We also tested our global kinship algorithm on a real data set from the San Antonio Family Heart Study (SAFHS) [Mitchell et al., 1996]. The data set consists of 1942 immigrants, or descendents of immigrants, from near Monterrey, Mexico who have settled in San Antonio in the US. We restricted our analysis to the 858 individuals genotyped on the Illumina 550K SNP platform. In the reported pedigrees, 51 people in this subset are unrelated to the remaining 807, who were spread over 45 pedigrees ranging in size from 3 to 62 people. Allele frequencies for the SNP markers typed in this study were previously summarized [Göring et al., 2007].

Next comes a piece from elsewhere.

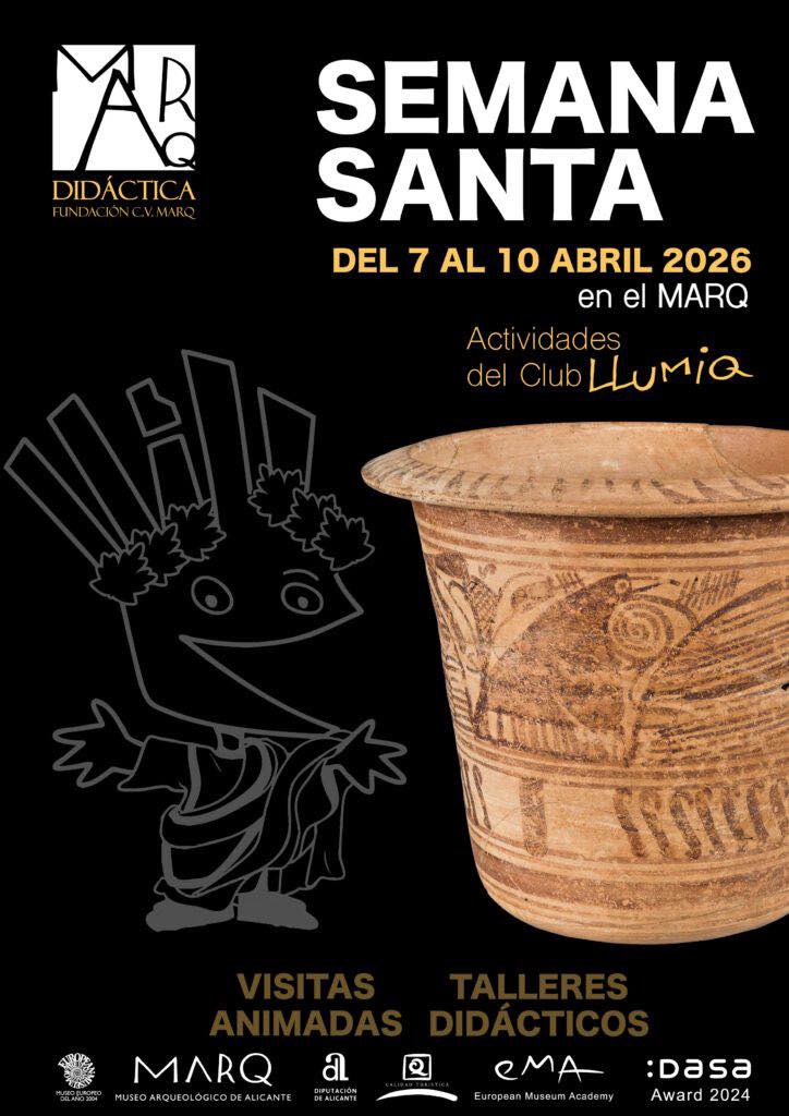 Planes semana santa MARQ. Alicante con niñosVisita a la sala de prehistoria y taller de kalathos. Los participantes decorarán un kalathos en miniatura replicando las técnicas y simbología de la Contestania ibérica. Podrán diferenciar diferentes formas, usos y estilos.Un año más seguimos con el programa de actividades para las vacaciones escolares. Esta Semana Santa de 2026 no te puedes perder las visitas guiadas por la exposición permanente del museo y talleres didácticos relacionados con la temática trabajada en cada una de las jornadas.  Orientado a niños y niñas de 6 a 12 años

We considered all pairs of individuals in the data with global kinship coefficients of 0.25, 0.125, 0.0625, and 0.03125 based on their self-reported ancestry. For each pair we estimated a global kinship coefficient via our algorithm. Figure 5 and Table 1 show the results. The estimates appear accurate and unbiased. To assess the sensitivity of these conclusions to misspecified allele frequencies, we conducted extensive simulation studies. When major allele frequencies are systematically underestimated, global kinship coefficients are overestimated. The reverse occurs when major allele frequencies are systematically overestimated. These biases are a natural consequence of equation (2) in the Methods section. Allele frequency misspecification does not appear to have much impact on the variances of the estimates. Details of this analysis for an uncle-niece pair is given in Supplementary Tables 25-34. Fortunately, the large number of published GWAS studies ensures accurate allele frequencies for most major populations.
Table 1.
Pedigree-based Global Kinship |
Number of Pairs |
SNP-based Global Kinship, Mean (Standard Deviation) |
---|---|---|
0.25 | 1218 | 0.2533 (0.030) |
0.125 | 1521 | 0.1291 (0.021) |
0.0625 | 1950 | 0.0667 (0.021) |
0.03125 | 1454 | 0.0349 (0.017) |
Local Kinship Coefficient Imputation
In our local kinship estimation algorithm, the strength of the penalty depends on two tuning constants. We found that one of these could be set to 0 and the other to a single positive value appropriate to all SNPs and relative pairs. (See the Methods section and Supplementary Tables 35-38). These universal choices simplify the already fast dynamic programming algorithm. For each SNP density, we used the previously described 500 simulated replicates of the pedigree depicted in Figure 1 to assess the accuracy of the local kinship estimates. Figure 6 plots the local kinship coefficient estimate along chromosome 1 for a typical replicate of an uncle-niece pair. For this replicate only 249 of the 40,326 SNPs on chromosome 1, roughly 0.6%, were assigned an incorrect kinship state. This replicate is typical in the sense that it gives the median error rate across all SNPs on chromosome 1. Supplementary Figure 30 shows the distribution of the error rates over all replicates. Comparisons of estimated and true local kinship coefficients for other relationships and SNP densities appear in Supplementary Figures 7-13 and Supplementary Tables 39-46.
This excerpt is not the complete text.